At least 200 people gathered at Scotland’s Faslane naval base on Monday to protest the installation of the U.K.’s Trident nuclear weapons deterrent system. The protesters blocked all entrances to the facility.

Trident is a sea-based system, encompassing submarines, missiles and warheads, and it has been backed by both major parties in the U.K. ahead of the general elections, despite growing opposition from voters and lawmakers. “Trident is an obscenity,” Scottish Green Party member and Glasgow lawmaker Patrick Harvie said, according to local news site STV. “Through direct action and through the ballot box we can make the case for the UK to play a new role on the world stage.” 

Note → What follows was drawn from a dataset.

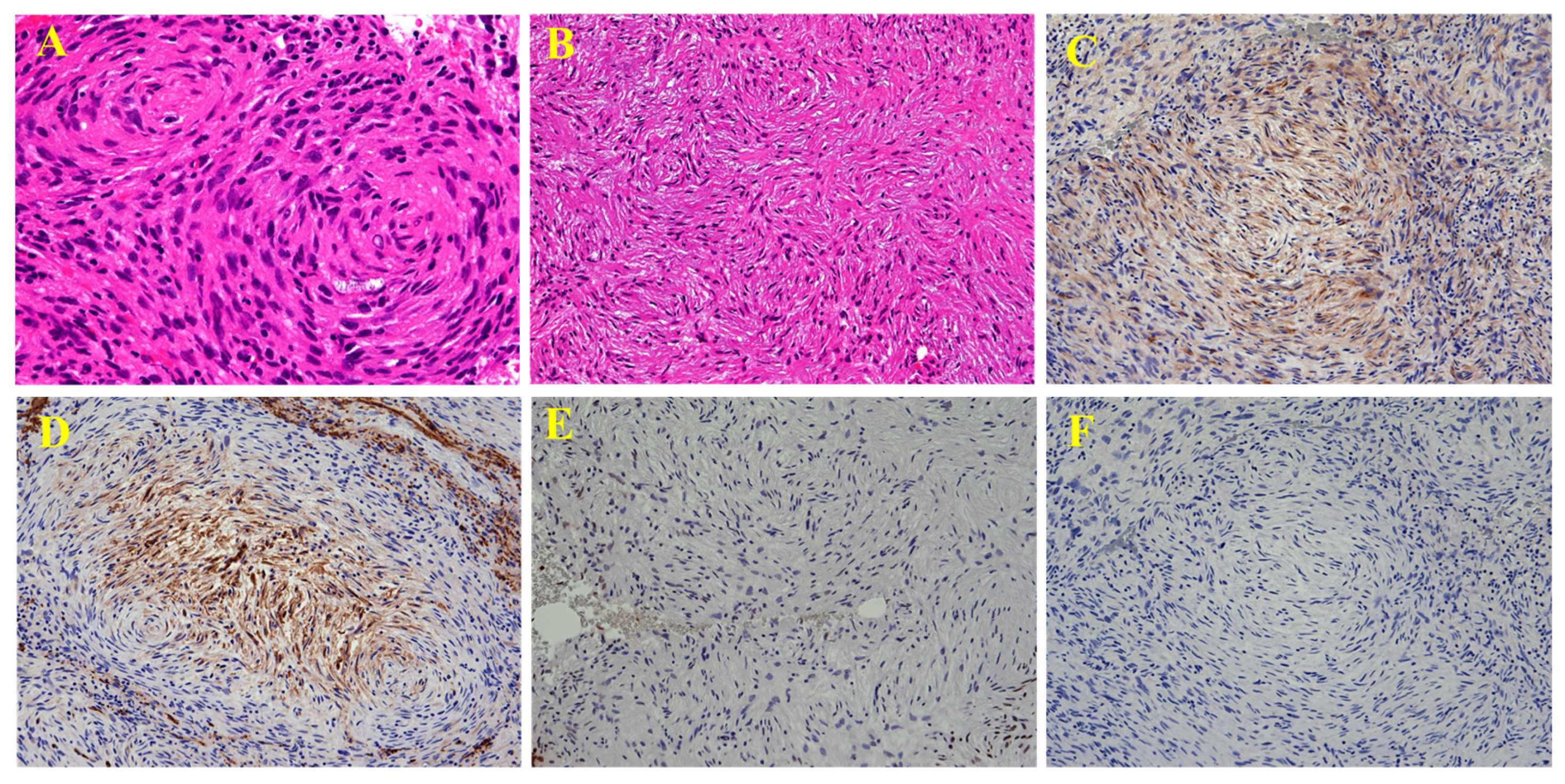 - Thway, K.; Fisher, C. Malignant peripheral nerve sheath tumor: Pathology and genetics. Ann. Diagn. Pathol. 2014, 18, 109–116. [Google Scholar] [CrossRef] [PubMed]

Members of Scrap Trident gathered to call for the closure of the Faslane base. They had previously spoken with local police officials in early April to ask that they refrain from making arrests at what they promised would be a “peaceful and lawful” protest. A spokesperson for the Ministry of Defense said they recognized the protest as legitimate, but added that the “safety and security of the site will be maintained at all times,” the National reported.

However, on Monday, social media posts from the protests appeared to show police making some arrests. 

An open letter, published in the Guardian, calls for the U.K. to abandon Trident and become the first permanent member of the U.N. Security Council to give up its nuclear weapons in the process.

“Instead of protecting us, hosting nuclear weapons makes us a target for the disaffected. And any accident would lead to a humanitarian disaster. Having nuclear weapons diverts resources and attention from tackling our most urgent security problems, including climate and environmental destruction,” the letter, whose signatories include the band Massive Attack and linguist Noam Chomsky, read.

Meanwhile, Defense Secretary Michael Fallon accused Labour leader Edward Miliband of being "willing to stab the UK in the back," alleging that Miliband would seek to scrap Trident in order to curry favor with the Scottish National Party (SNP). However, Miliband dismissed the attack as “embarrassing” to Fallon, and reaffirmed his commitment to the Trident program.

Polls suggest that if the U.K.’s ongoing general election ends in a hung parliament, the SNP could emerge as the third-largest party, making it valuable to either of the major parties as a potential coalition partner. SNP leader Nicola Sturgeon has made it clear that any support from the SNP would require a commitment to ending Trident.